(1.) I have heard the petitioner's learned Advocate and the learned State Public prosecutor in this group of eleven petitions. The petitioner has filed these eleven interlocutory applications pointing out that he has undergone the sentence of one year that was awarded by the Court, that he is still in custody and that the Jailor is not releasing him on the ground that the earlier order did not specify that the sentences awarded in the eleven cases were to run concurrently. The view taken by the authorities is that in the absence of an order for concurrence, that each sentence will have to be served individually wbich means that the accused would have to remain in custody until the last of the sentences has been served. The contention raised before me is that this was an obvious error and that having regard to the facts and circumstances of the case, that the concurrency aspect ought to have been pointed out to the courts at the time of decision which was overlooked and that consequently, no direction for concurrence was issued. The learned Judge who had disposed of the group of civil revision petitions has retired and even though these interlocutory applications are in the form of review, consequently they would have to be heard by some other Judge which is why they are placed before this coun.

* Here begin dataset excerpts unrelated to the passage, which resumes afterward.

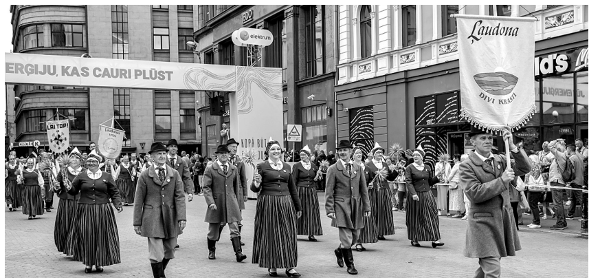
Senioru paaudzes deju kolektīvs „Divi krasti”.

dalībnieku vidū arī Tautas lietišķās mākslas studijas no Cēsaines, Ērgļiem un Sarkaņiem. Trīs folkloras kopas un divi koklētāju ansambļi, kā arī lauku kapela un vokālais ansamb-
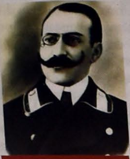
HƏMİD BƏY ŞAHTAXTİNSKI - MAARİF VƏ MƏZAHİB (MƏZHƏBLƏR) NAZIRI
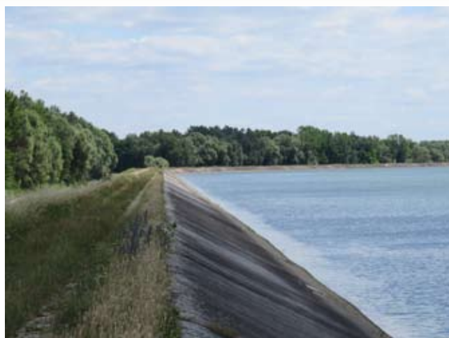
Ljudem in živalim neprijazna asfaltna brežina
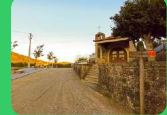
Capela de S. Miguel St. Michael's Chapel

(2.) THE learned State Public Prosecutor submits that in the first instance, the orders that are sought to be reviewed now are very old orders passed before 1996 which have all assumed finality. Secondly, he submits that if final orders are passed in criminal cases, that under Section 362 of the Cr. P. C. there exists a total legal bar to the alter those orders in any respect. His submission is that this bar would apply to the orders passed at all the three levels, viz. , the Trial Court, the appeal Court and this Revisional Court and that consequently, even assuming without admitting that some variation may have been justified, that this Court is precluded from doing so
(3.) IN reply, Mr. Naik, learned Counsel who represents the petitioner-accused submits that he is conscious of the difficulties in this way but, he points out that he has approached this Court under Section 482 of the cr. P. C. or in other words that he has invoked the inherent powers of the High court and that he is not asking for any variation or modification of the earlier orders but, for afresh direction. His submission is that in a situation where the facts and circumstances so warrant, that it is open to the High Court to invoke the inherent powers and that this is one such case.